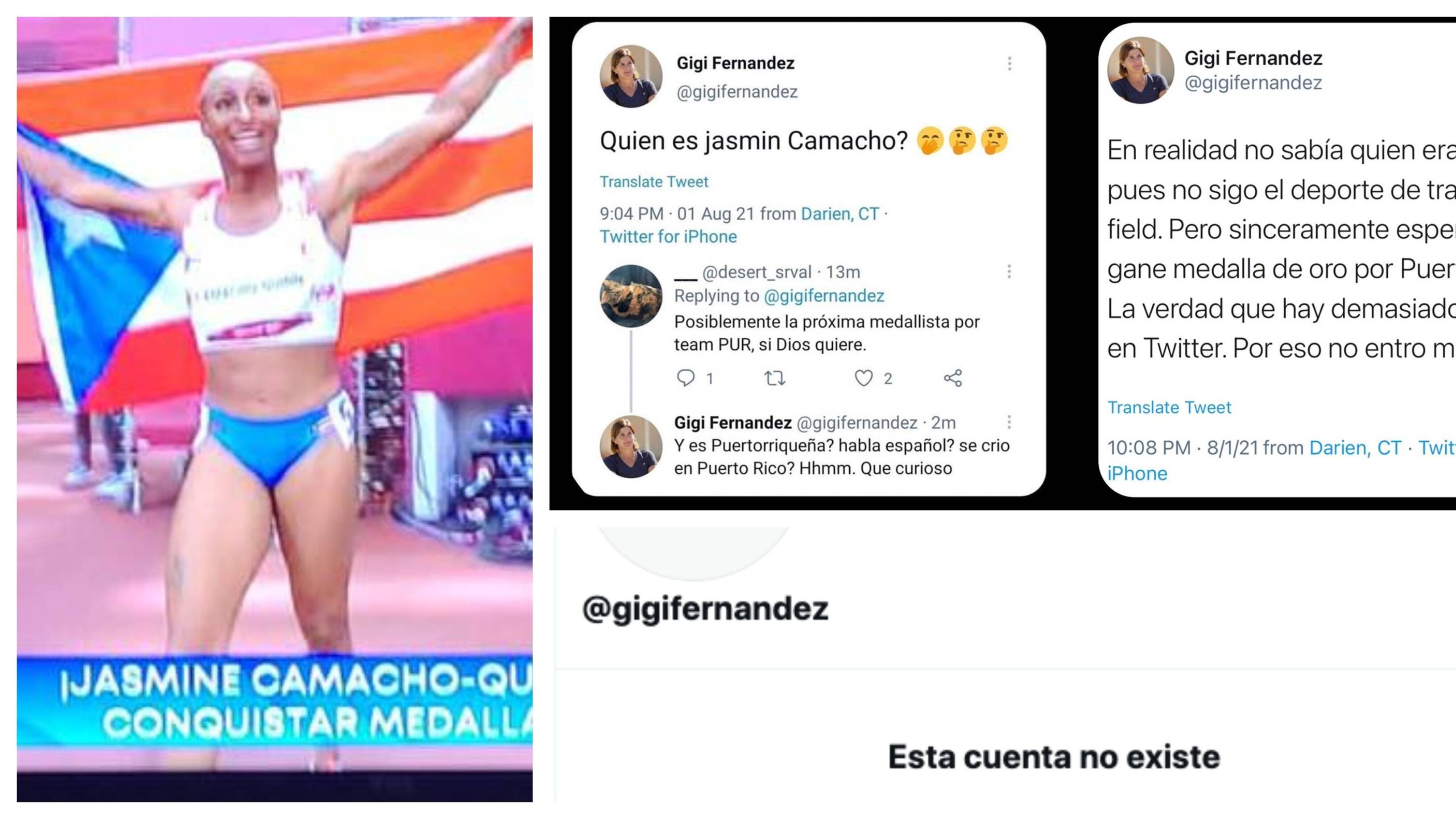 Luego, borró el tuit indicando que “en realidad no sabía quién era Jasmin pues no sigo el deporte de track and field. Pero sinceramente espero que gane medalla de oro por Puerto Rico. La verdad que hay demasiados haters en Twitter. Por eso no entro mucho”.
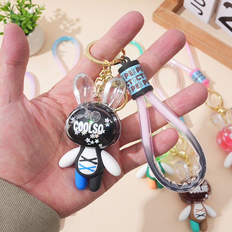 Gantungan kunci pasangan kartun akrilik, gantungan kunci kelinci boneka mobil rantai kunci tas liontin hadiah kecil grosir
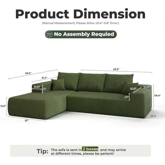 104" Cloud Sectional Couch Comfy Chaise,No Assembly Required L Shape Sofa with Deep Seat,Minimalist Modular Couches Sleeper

→ **Problem to work on**: Every line from the one with "Gantungan kunci pasangan" through the last line of the listing above must be written out exactly, and no picture may appear.

→ **Response to this exercise**:
 Gantungan kunci pasangan kartun akrilik, gantungan kunci kelinci boneka mobil rantai kunci tas liontin hadiah kecil grosir
 104" Cloud Sectional Couch Comfy Chaise,No Assembly Required L Shape Sofa with Deep Seat,Minimalist Modular Couches Sleeper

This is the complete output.